If you haven’t heard, the California Community College (CCC) system has undertaken a 57 million dollar, 5 year (to begin with), Online Education Initiative. Check it out if you haven’t heard about it – suffice to say it’s a grand vision for supporting student access and success across the system that goes far beyond provision of online courses to online learning infrastructure and integrated support services for students and faculty across the 112 CCCs.
I am participating in a small working group considering how online tutoring should be a part of the mix (since I helped MiraCosta to become the first CCC to offer online tutoring via the Western eTutoring Consortium rather than by outsourcing completely). In our early discussion, we have been invited to consider a grand vision for online tutoring. Here’s mine – what do you think?

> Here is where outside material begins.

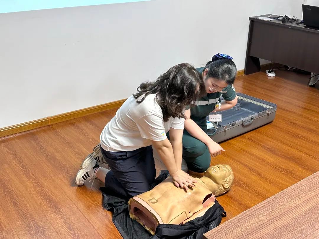 活動(dòng)體驗(yàn)環(huán)節(jié),急救科護(hù)士劉美茹現(xiàn)場(chǎng)演示心肺復(fù)蘇的標(biāo)準(zhǔn)操作流程,并邀請(qǐng)職工分組進(jìn)行實(shí)操訓(xùn)練,手把手糾正按壓姿勢(shì)、力度等細(xì)節(jié)。

Online tutoring in a perfect world is a great support option for all students, not just those enrolled in online classes. The advantages of high-quality learning online are brought to bear: anywhere, anytime, rich media, abundant high-quality relevant resources, a supportive community, flexible options for presentation of information, engaging interaction, and systemic analytics and processes that over time make online support even easier and more targeted for each individual as well as enabling continuous systems improvement.
In this vision, online tutoring is not just a quick fix, remedial option for struggling students, but a performance enhancer, a support mechanism with the potential to help every learner – even those who are already excelling – to go beyond their current capabilities.

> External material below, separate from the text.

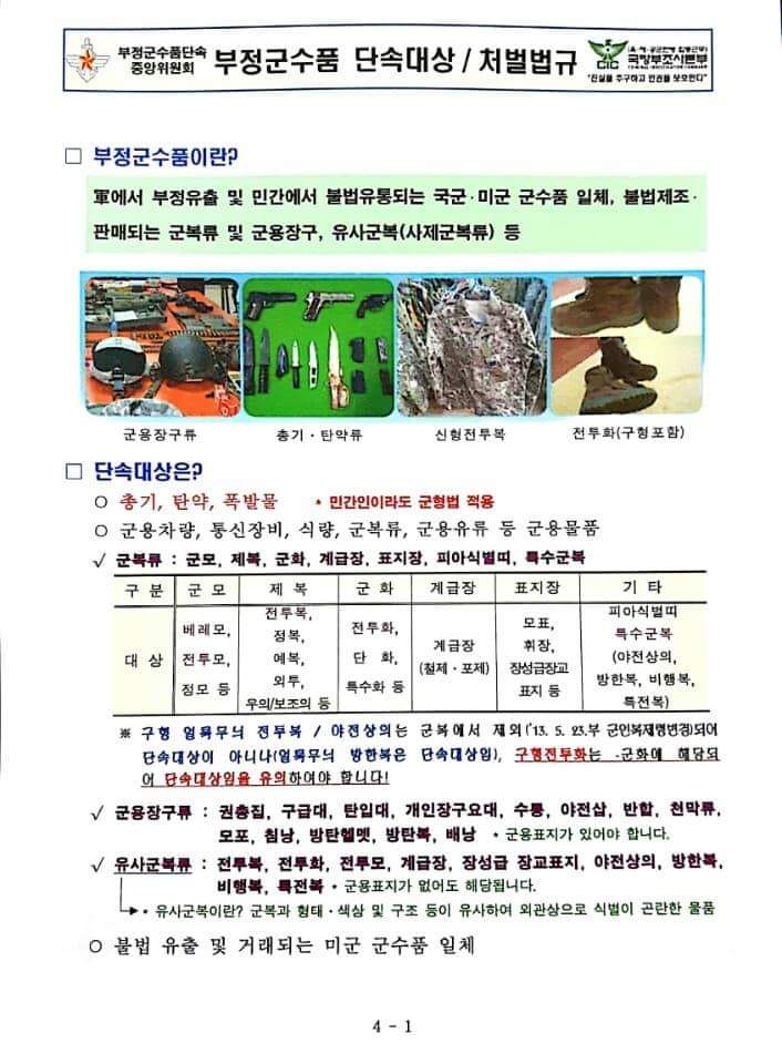 군에서 부정유출 및 민간에서 불법유통되는 국군·미군 군수품 일체, 불법제조·판매되는 군복류 및 군용장구, 유사군복(사제군복류) 등

Online tutoring in a perfect world is not merely an “extra” layer of support services that students must seek out beyond their typical educational routine. Rather, every faculty member, every course, and even other non-course academic and student support areas (e.g. the library) find ways to integrate online tutoring on-ramps/opportunities throughout the student experience so that tutoring is seen as normal, present, integral, and available whenever it might be needed.

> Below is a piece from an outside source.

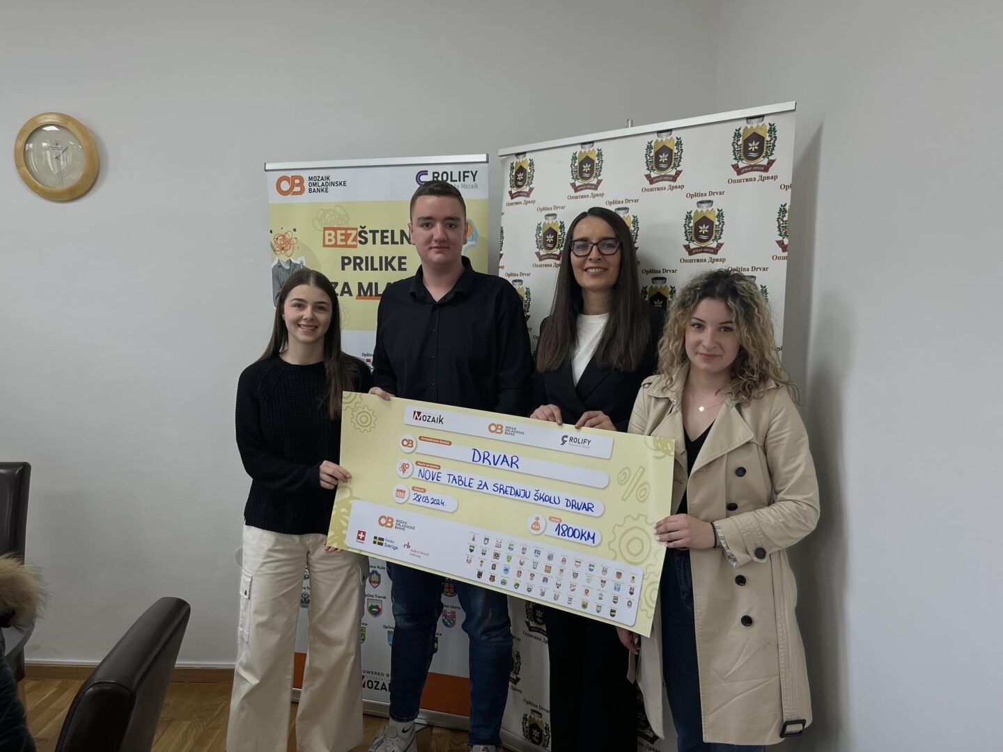 Omladinska banka Drvar je nakon svog prvog poziva bogatija za 12 novih projekata u vrijednosti od 35.800 KM, od čega je 21.330 KM odobreno od Omladinske banke Drvar, a 14.470 KM obezbijeđeno od iz zajednice u vidu robe, novca ili usluga. Ceremonija potpisivanja ugovora u opštini Drvar održana je 28.03.2024. godine u 9:00 časova. Projekti koje realizuju mladi ove opštine su:

In this vision maybe “tutoring” as a term becomes obsolete and we need to craft a new, more expansive word that encompasses this notion of ever-present support. As this evolves it might more seamlessly incorporate and interface with other forms of online support for all learners, including peer communities, counseling and advising, mentoring, real-world connections with community members, support programs for special populations, co-curricular and extra-curricular experiences, library resources, discipline-specific resources, information literacy guidance, tech support, study skills, etc.